(Supplied material)

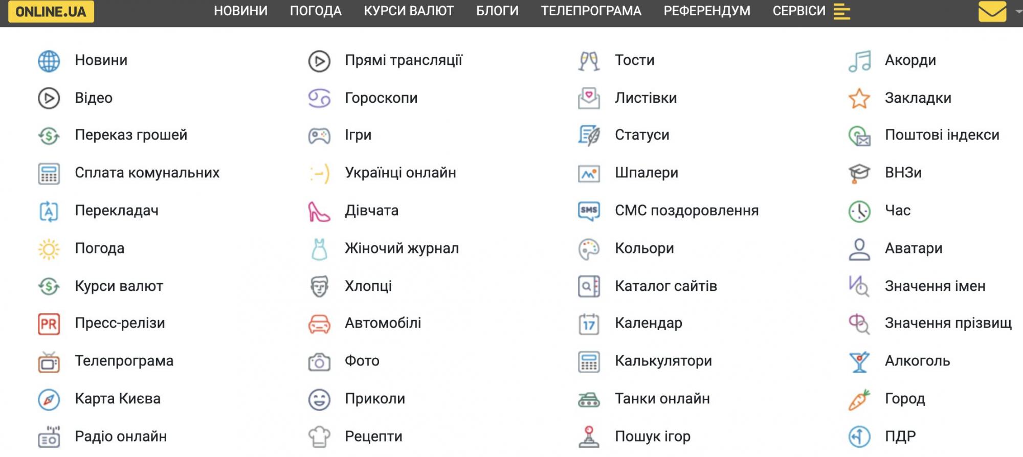 А еще - новости, погода, курсы валют, телепрограммы и… вот скришот предлагаемых сервисов от ONLINE.UA:
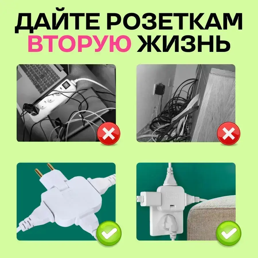 Тройник для розетки плоский поворотный разветвитель
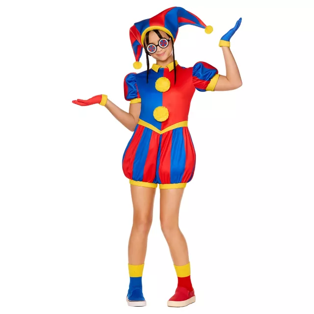 Welcome to The Amazing Digital Circus! This show must go on this Halloween so step right into this official Pomni Costume and watch the magic happen. This costume includes Pomni's circus romper, a hat, glasses, gloves, and matching socks!
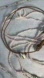 Pink and clear seed beads which have a brown weaved cord at the top back area
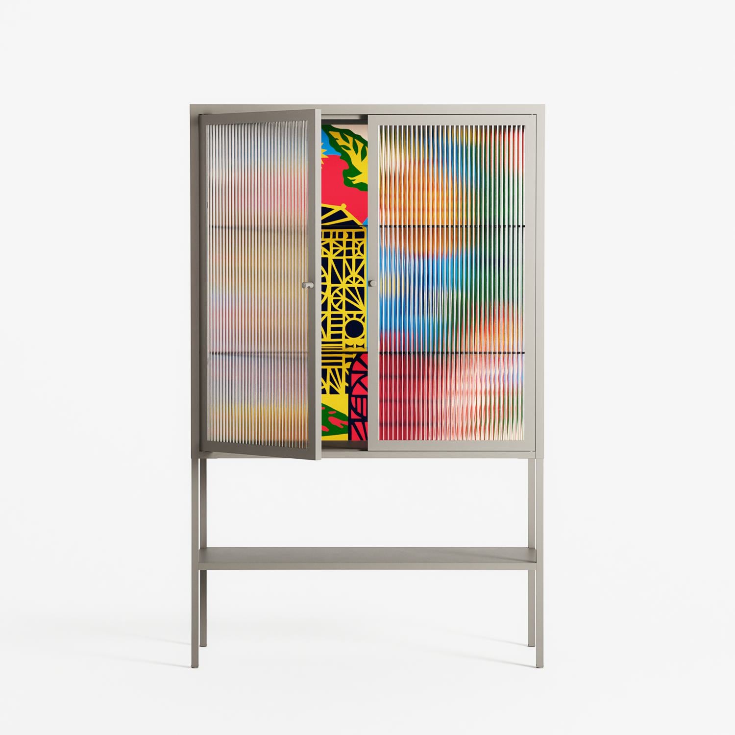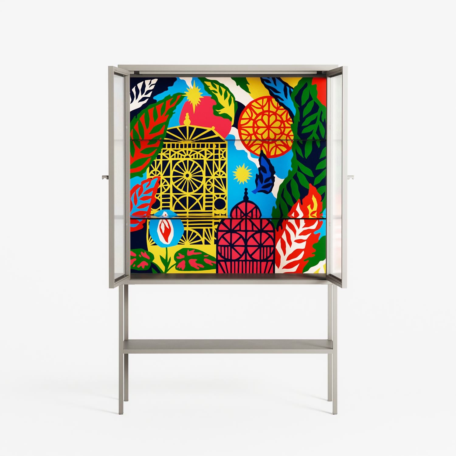 Vitrine pairs artworks by artists, designers, and creatives from around the world with a frame that elevates and displays them in everyday space. The cabinet is built from precision-cut metal with a powder-coated finish — resistant to wear and crafted for stability — making it ideal for both office and home spaces.

(End Supplied material)

• _Assignment_:
Would you print the material exactly once more, without any of its pictures?

• _Answer to this problem_:
 А еще - новости, погода, курсы валют, телепрограммы и… вот скришот предлагаемых сервисов от ONLINE.UA:
 Тройник для розетки плоский поворотный разветвитель
 Welcome to The Amazing Digital Circus! This show must go on this Halloween so step right into this official Pomni Costume and watch the magic happen. This costume includes Pomni's circus romper, a hat, glasses, gloves, and matching socks!
 Pink and clear seed beads which have a brown weaved cord at the top back area
 Vitrine pairs artworks by artists, designers, and creatives from around the world with a frame that elevates and displays them in everyday space. The cabinet is built from precision-cut metal with a powder-coated finish — resistant to wear and crafted for stability — making it ideal for both office and home spaces.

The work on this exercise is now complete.